AOL's critics recognize the company is trying to address a real problem, but the prescription, they say, is worse than the disease. The plan is the "first step down the very slippery slope of dividing the Internet into two classes of users -- those who pay for preferential treatment and those who are left behind with unreliable service," says Adam Green, the civic communications director for MoveOn.org.
AOL, like many large e-mail providers, currently spends large sums to keep the Internet's free e-mail system running well (or running at all), employing engineers and systems administrators who man the front lines of the war against e-mail tricksters. But once AOL begins charging companies for e-mail, Green says, it will no longer have any reason to maintain the free e-mail service. He adds that an unreliable, free e-mail service might actually benefit AOL, as it would provide a greater incentive for firms to pay for guaranteed delivery to AOL users.
The loser in this scheme, critics say, would be groups that can't afford to pay. "The ultimate question we've been asking ourselves is, after AOL's e-mail tax goes into effect, will the little guy be able to turn a small idea into a big idea on the Internet?" Green says. "If somebody starts a Web site around some community problem or cause and gets several thousand people to sign up for an e-mail list, and then tries to send e-mail that consistently goes into an ever-deteriorating spam filter -- that's a barrier to entry on the Internet."
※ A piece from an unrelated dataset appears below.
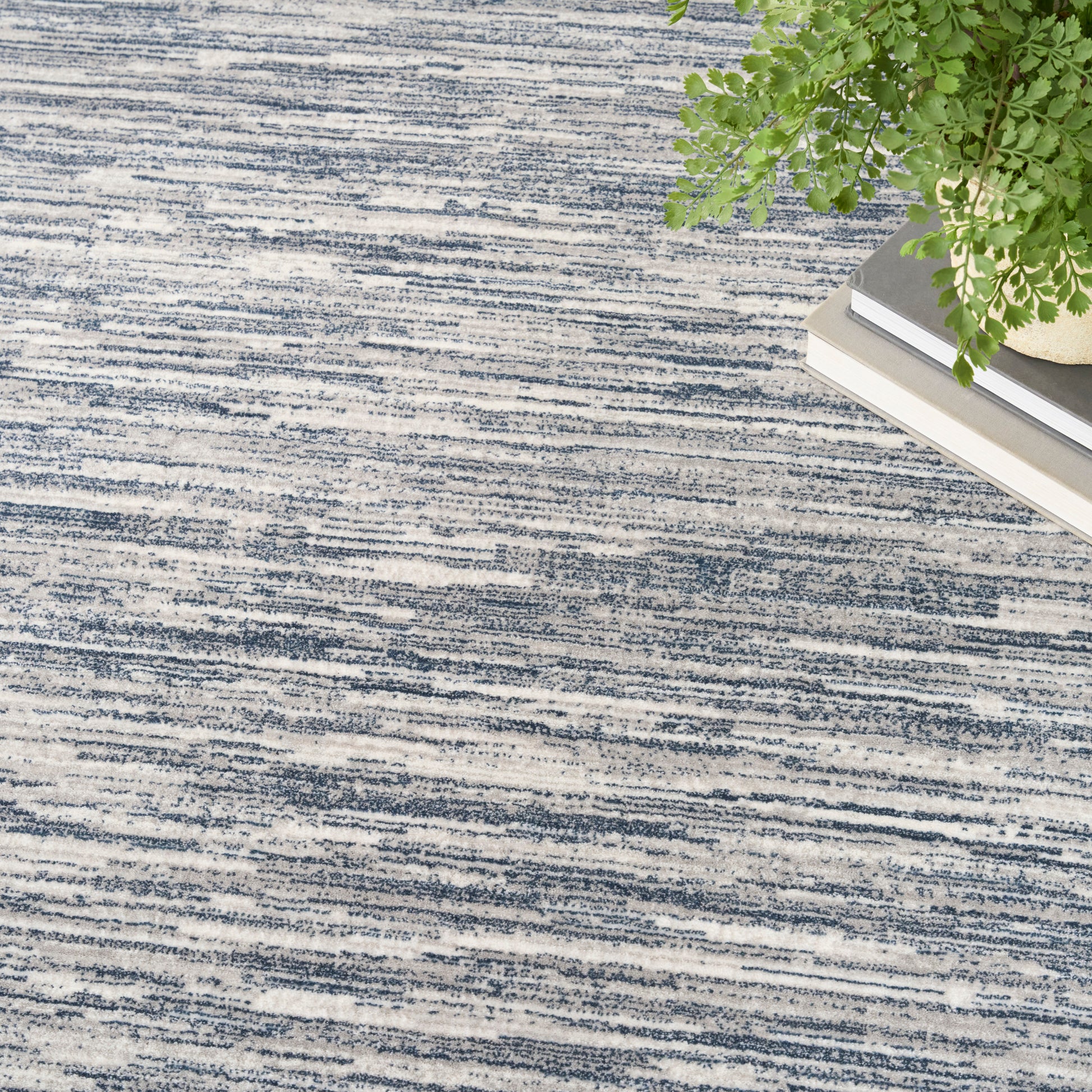 Add dimension to your space with this abstract blue and ivory rug from the DKNY Grand Street collection. The hazy linear design features tonal variations and a soft, silk-like sheen that catches the light. Finished in a low-profile, easy-care construction that fits seamlessly into modern interiors.
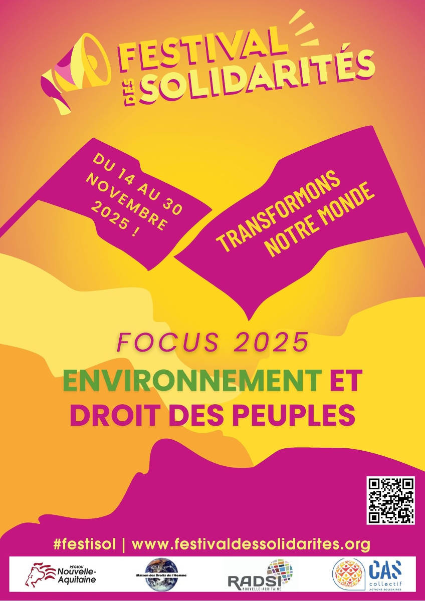 L’édition 2025 du « Festisol en Nouvelle-Aquitaine », le festival des Solidarités national décliné régionalement, aura lieu du 14 au 30 novembre 2025 sur l’ensemble du territoire au travers d’évènements locaux.

MoveOn is one of the largest groups in a coalition of more than 50 organizations that have banded together to stop AOL's e-mail scheme. This week, the diverse collection -- it spans the partisan spectrum, and includes many non-political groups -- launched a Web site at dearaol.com to collect signatures of people opposed to the idea. Some critics of the plan threaten dire consequences for AOL if it goes ahead with certified e-mail. Pratt, of Gun Owners of America, says his group would call for a boycott of the company to protest the move. On Tuesday, Markos Moulitsas Zuniga, who runs the lefty political blog Daily Kos, suggested that he might block AOL users from his site as punishment for its e-mail idea.
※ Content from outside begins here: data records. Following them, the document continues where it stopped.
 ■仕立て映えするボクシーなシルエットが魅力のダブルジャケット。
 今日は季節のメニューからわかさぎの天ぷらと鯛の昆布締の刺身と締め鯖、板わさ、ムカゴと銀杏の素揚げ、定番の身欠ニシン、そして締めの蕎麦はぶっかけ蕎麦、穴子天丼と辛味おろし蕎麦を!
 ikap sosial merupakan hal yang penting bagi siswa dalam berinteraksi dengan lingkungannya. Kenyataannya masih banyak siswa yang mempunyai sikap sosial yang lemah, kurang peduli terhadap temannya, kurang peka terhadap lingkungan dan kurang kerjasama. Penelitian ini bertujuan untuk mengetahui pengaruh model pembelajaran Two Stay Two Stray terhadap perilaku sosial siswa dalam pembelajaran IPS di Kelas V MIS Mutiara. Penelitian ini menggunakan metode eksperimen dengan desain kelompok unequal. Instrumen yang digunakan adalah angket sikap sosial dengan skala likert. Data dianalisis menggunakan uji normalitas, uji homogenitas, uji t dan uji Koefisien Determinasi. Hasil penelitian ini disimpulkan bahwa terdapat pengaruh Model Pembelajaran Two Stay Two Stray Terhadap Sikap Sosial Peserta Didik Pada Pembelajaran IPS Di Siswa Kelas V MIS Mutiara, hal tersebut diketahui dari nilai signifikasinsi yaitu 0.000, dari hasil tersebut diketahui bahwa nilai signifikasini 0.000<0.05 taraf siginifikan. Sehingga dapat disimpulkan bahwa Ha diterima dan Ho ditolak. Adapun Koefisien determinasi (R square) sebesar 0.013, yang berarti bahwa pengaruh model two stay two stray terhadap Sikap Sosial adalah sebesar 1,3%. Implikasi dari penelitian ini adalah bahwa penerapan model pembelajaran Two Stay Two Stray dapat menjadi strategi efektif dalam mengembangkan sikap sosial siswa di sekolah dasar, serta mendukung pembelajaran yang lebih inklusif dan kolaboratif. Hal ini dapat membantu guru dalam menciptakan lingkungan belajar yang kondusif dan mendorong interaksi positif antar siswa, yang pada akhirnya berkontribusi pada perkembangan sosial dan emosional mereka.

Despite the coalition's rhetoric -- the use of the word "tax" appears to be deliberately misleading -- it's not clear that AOL's plan would gravely threaten e-mail. In fact, it may improve it. The groups opposed to the program offer what amounts to a hypothesis rather than a certainty: They outline a scenario in which, under certain circumstances, AOL's plan could result in the end of e-mail as we know it. Indeed, there is some truth to their hypothesis that, if not closely monitored, AOL's plan could prompt the giant Internet service provider to reduce the amount it invests in keeping free e-mail working effectively. On the other hand, the danger of breaking e-mail already seems moot. If you've got to spend much of your time and mental energy on the lookout for dangerous messages lurking in your daily flood of mail, isn't e-mail already broken?